> [TASK REQUIREMENTS] Using the data below, restate exactly every line from the one with "With Butterfly Print" up to and including the one with "1、启动简朴App后,点击开始服务以激活手机与电脑的连接功能。". No picture belongs in it.

> [DATASET RECORDS]
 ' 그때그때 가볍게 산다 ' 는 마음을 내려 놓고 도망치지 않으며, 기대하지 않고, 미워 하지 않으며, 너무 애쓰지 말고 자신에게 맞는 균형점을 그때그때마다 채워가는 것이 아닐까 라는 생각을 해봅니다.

==

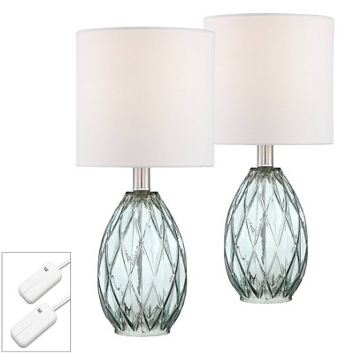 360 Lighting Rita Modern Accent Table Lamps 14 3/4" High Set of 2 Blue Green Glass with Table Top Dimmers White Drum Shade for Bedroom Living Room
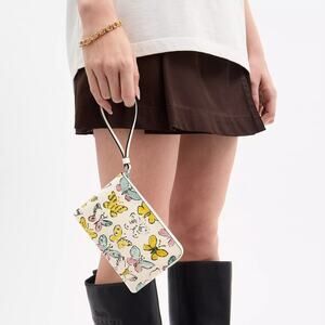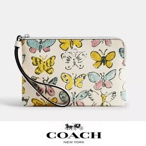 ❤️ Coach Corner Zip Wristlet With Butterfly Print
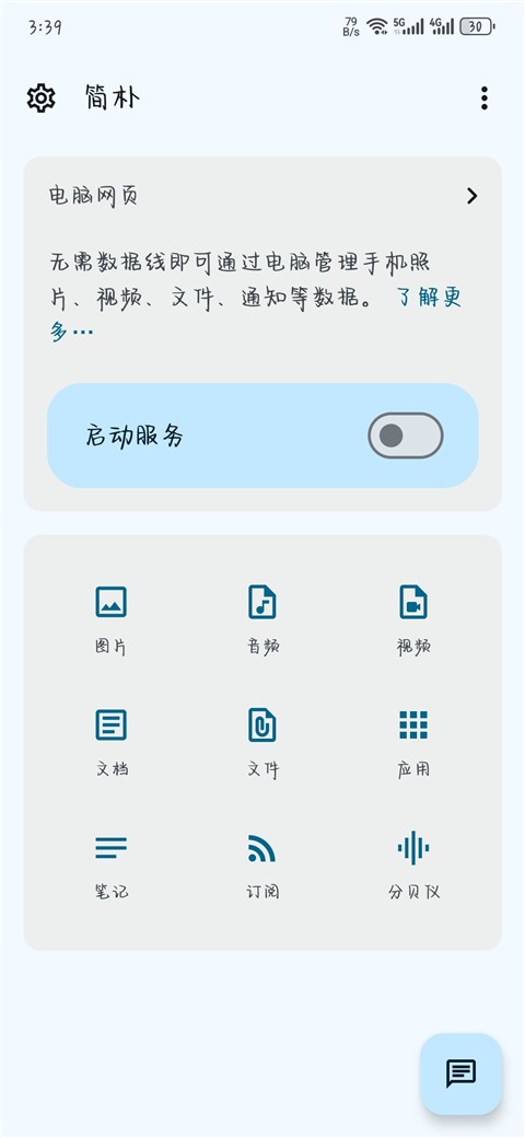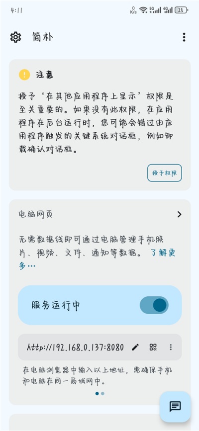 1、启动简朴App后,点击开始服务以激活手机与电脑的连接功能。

> [ANSWER BELOW]
 ❤️ Coach Corner Zip Wristlet With Butterfly Print
 1、启动简朴App后,点击开始服务以激活手机与电脑的连接功能。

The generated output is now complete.